== Segment start ==

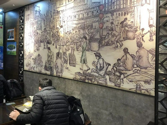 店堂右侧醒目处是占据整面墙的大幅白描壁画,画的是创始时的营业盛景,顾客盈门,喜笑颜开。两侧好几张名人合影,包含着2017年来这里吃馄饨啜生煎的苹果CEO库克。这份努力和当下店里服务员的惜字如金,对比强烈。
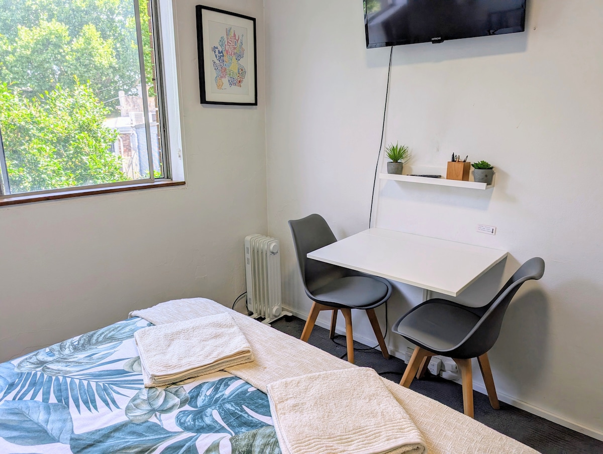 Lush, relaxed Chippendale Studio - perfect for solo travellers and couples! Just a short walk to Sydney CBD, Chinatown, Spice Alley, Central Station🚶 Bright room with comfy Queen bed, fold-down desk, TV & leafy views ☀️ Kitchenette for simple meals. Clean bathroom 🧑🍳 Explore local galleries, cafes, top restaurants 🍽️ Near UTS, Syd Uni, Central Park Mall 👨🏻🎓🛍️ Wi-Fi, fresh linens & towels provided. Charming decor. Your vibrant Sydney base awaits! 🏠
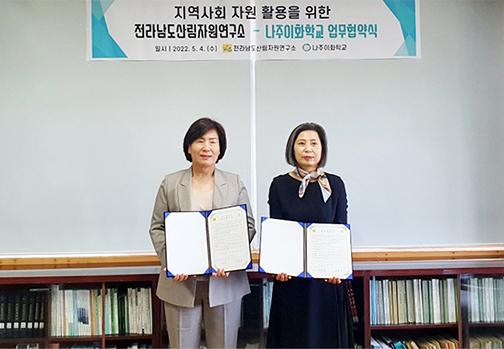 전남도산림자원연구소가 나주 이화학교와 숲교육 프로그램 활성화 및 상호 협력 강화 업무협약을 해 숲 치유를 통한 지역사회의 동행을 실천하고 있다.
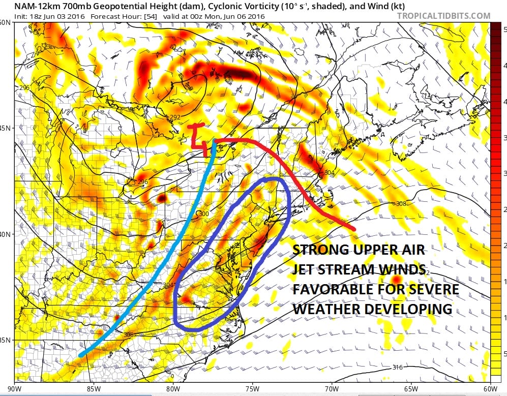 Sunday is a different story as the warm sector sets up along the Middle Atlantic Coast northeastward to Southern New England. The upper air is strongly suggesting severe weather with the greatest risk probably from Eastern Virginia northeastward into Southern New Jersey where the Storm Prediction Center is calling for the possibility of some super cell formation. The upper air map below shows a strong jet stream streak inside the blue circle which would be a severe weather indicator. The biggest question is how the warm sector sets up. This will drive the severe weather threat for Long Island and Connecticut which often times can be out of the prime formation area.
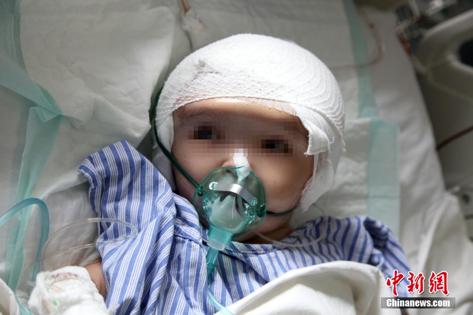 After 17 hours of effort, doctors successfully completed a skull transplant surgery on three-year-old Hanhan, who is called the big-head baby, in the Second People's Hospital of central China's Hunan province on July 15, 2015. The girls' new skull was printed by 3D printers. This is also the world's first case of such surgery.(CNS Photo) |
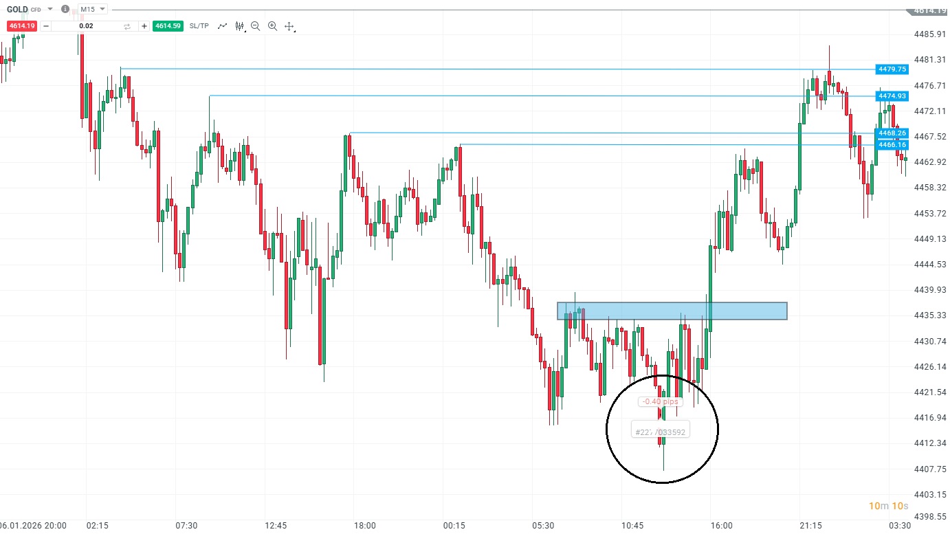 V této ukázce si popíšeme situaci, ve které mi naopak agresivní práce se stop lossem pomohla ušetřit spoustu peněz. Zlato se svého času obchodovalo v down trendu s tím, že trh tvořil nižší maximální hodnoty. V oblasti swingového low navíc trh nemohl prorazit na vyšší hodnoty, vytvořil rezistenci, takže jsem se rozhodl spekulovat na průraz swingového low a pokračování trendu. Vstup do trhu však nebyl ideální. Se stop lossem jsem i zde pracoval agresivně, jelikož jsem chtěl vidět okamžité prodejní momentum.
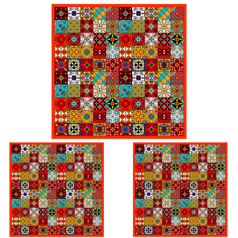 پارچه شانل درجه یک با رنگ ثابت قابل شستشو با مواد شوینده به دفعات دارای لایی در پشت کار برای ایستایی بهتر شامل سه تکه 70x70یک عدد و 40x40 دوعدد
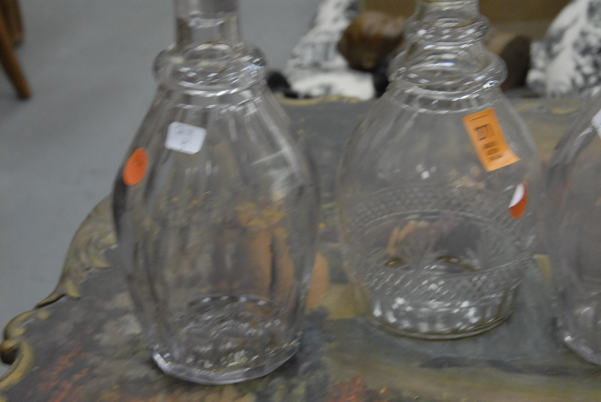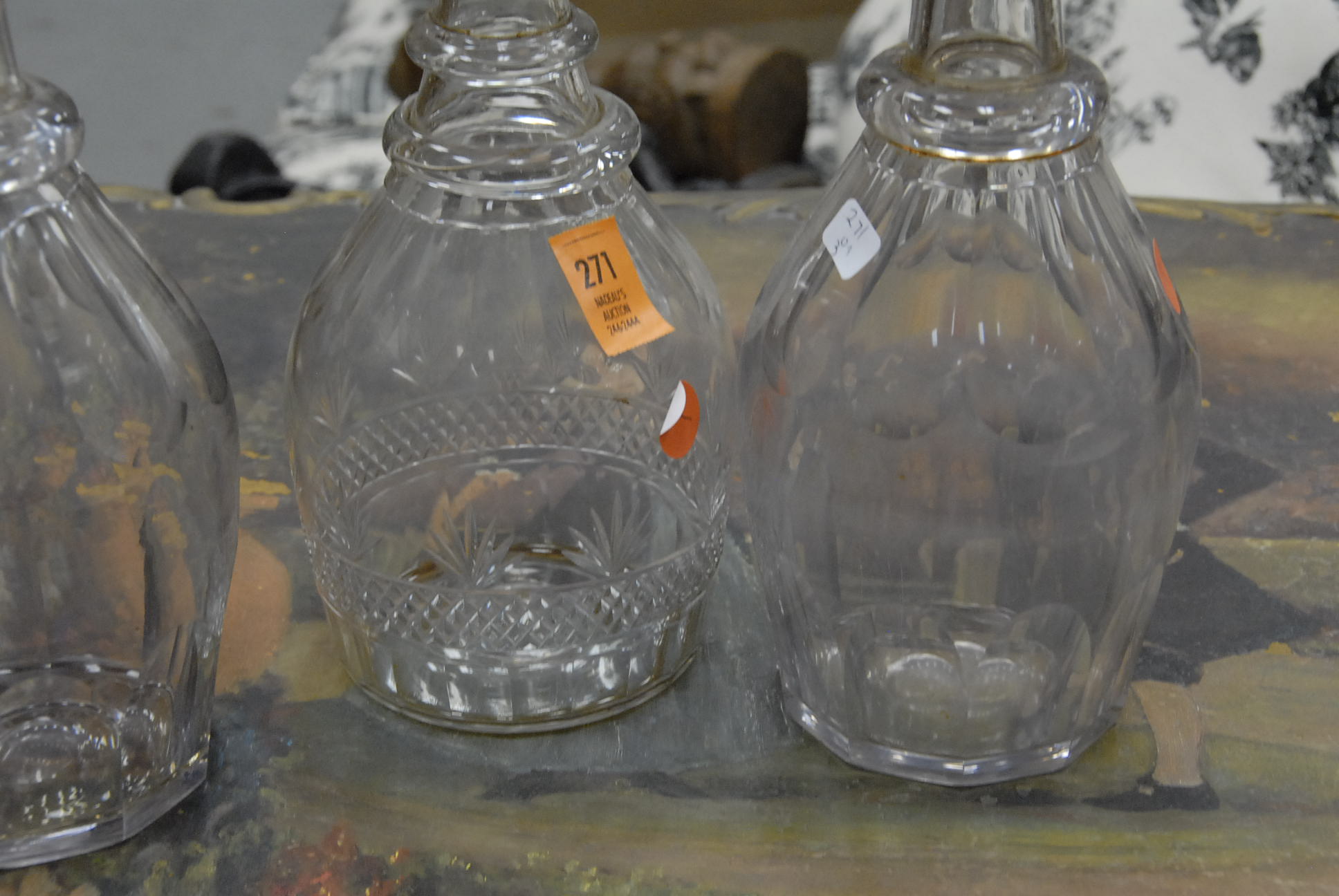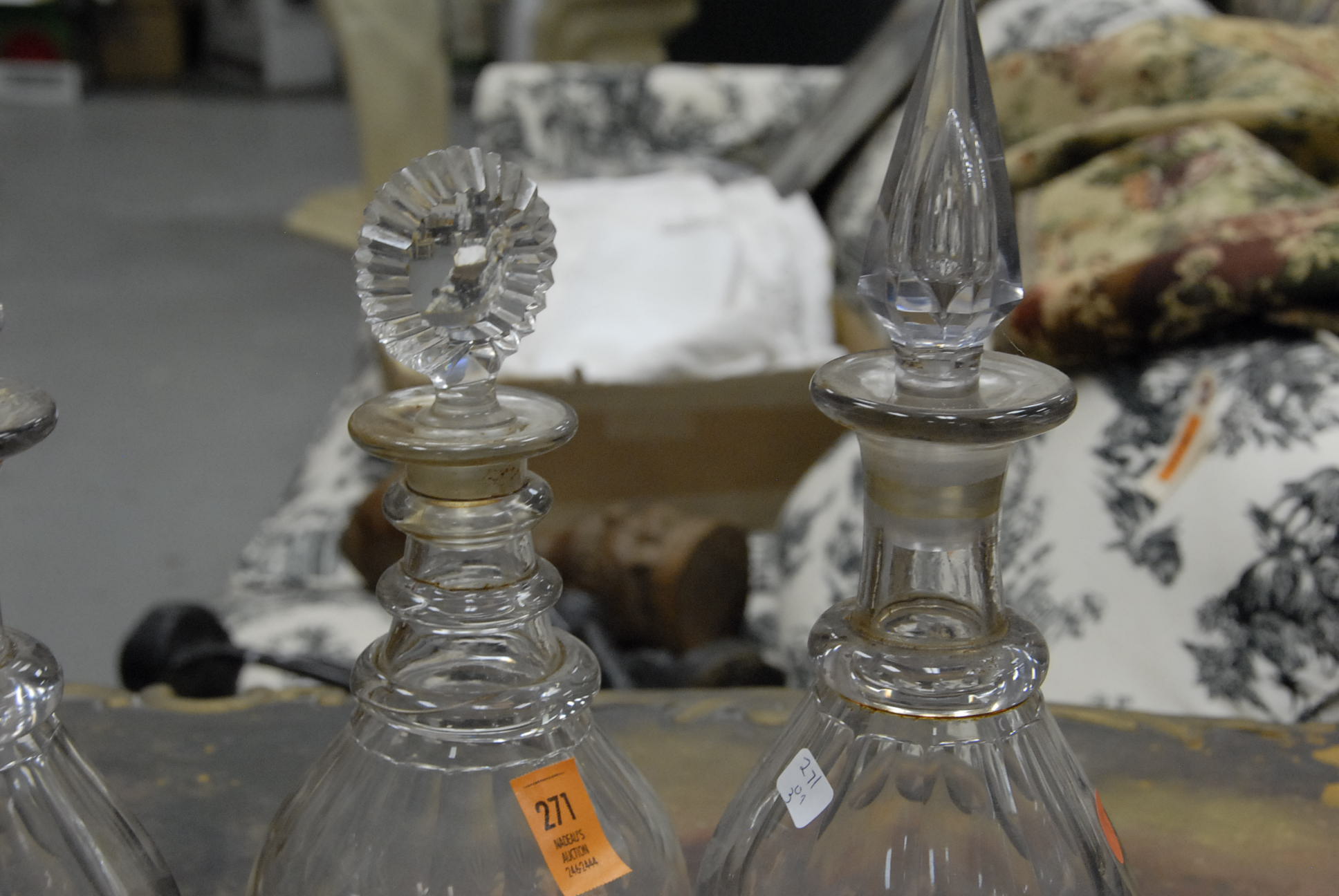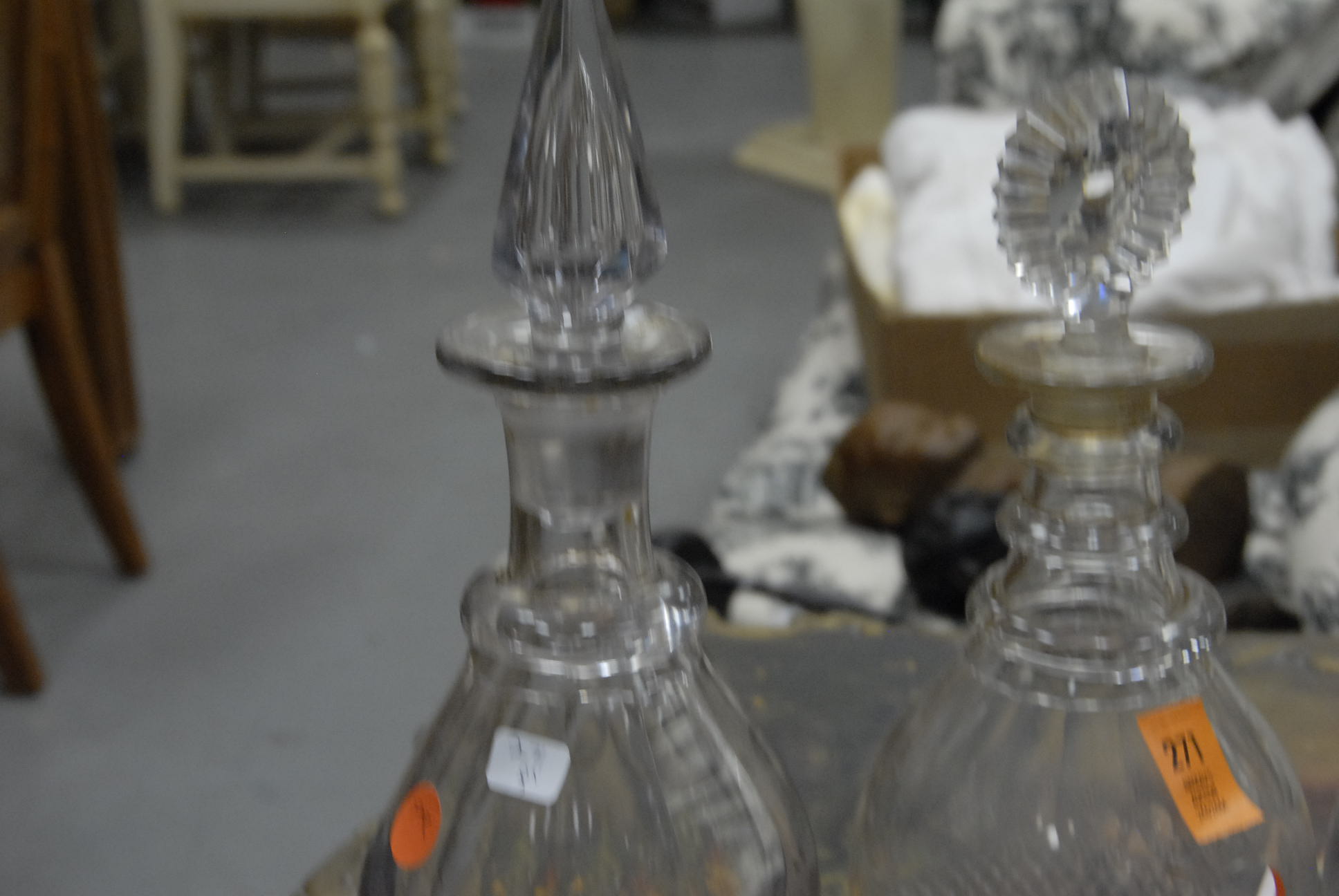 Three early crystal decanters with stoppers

== Segment end ==

About this task -
Output the records above exactly as written, but leave out the pictures.

Written reply -
 店堂右侧醒目处是占据整面墙的大幅白描壁画,画的是创始时的营业盛景,顾客盈门,喜笑颜开。两侧好几张名人合影,包含着2017年来这里吃馄饨啜生煎的苹果CEO库克。这份努力和当下店里服务员的惜字如金,对比强烈。
 Lush, relaxed Chippendale Studio - perfect for solo travellers and couples! Just a short walk to Sydney CBD, Chinatown, Spice Alley, Central Station🚶 Bright room with comfy Queen bed, fold-down desk, TV & leafy views ☀️ Kitchenette for simple meals. Clean bathroom 🧑🍳 Explore local galleries, cafes, top restaurants 🍽️ Near UTS, Syd Uni, Central Park Mall 👨🏻🎓🛍️ Wi-Fi, fresh linens & towels provided. Charming decor. Your vibrant Sydney base awaits! 🏠
 전남도산림자원연구소가 나주 이화학교와 숲교육 프로그램 활성화 및 상호 협력 강화 업무협약을 해 숲 치유를 통한 지역사회의 동행을 실천하고 있다.
 Sunday is a different story as the warm sector sets up along the Middle Atlantic Coast northeastward to Southern New England. The upper air is strongly suggesting severe weather with the greatest risk probably from Eastern Virginia northeastward into Southern New Jersey where the Storm Prediction Center is calling for the possibility of some super cell formation. The upper air map below shows a strong jet stream streak inside the blue circle which would be a severe weather indicator. The biggest question is how the warm sector sets up. This will drive the severe weather threat for Long Island and Connecticut which often times can be out of the prime formation area.
 After 17 hours of effort, doctors successfully completed a skull transplant surgery on three-year-old Hanhan, who is called the big-head baby, in the Second People's Hospital of central China's Hunan province on July 15, 2015. The girls' new skull was printed by 3D printers. This is also the world's first case of such surgery.(CNS Photo) |
 V této ukázce si popíšeme situaci, ve které mi naopak agresivní práce se stop lossem pomohla ušetřit spoustu peněz. Zlato se svého času obchodovalo v down trendu s tím, že trh tvořil nižší maximální hodnoty. V oblasti swingového low navíc trh nemohl prorazit na vyšší hodnoty, vytvořil rezistenci, takže jsem se rozhodl spekulovat na průraz swingového low a pokračování trendu. Vstup do trhu však nebyl ideální. Se stop lossem jsem i zde pracoval agresivně, jelikož jsem chtěl vidět okamžité prodejní momentum.
 پارچه شانل درجه یک با رنگ ثابت قابل شستشو با مواد شوینده به دفعات دارای لایی در پشت کار برای ایستایی بهتر شامل سه تکه 70x70یک عدد و 40x40 دوعدد
 Three early crystal decanters with stoppers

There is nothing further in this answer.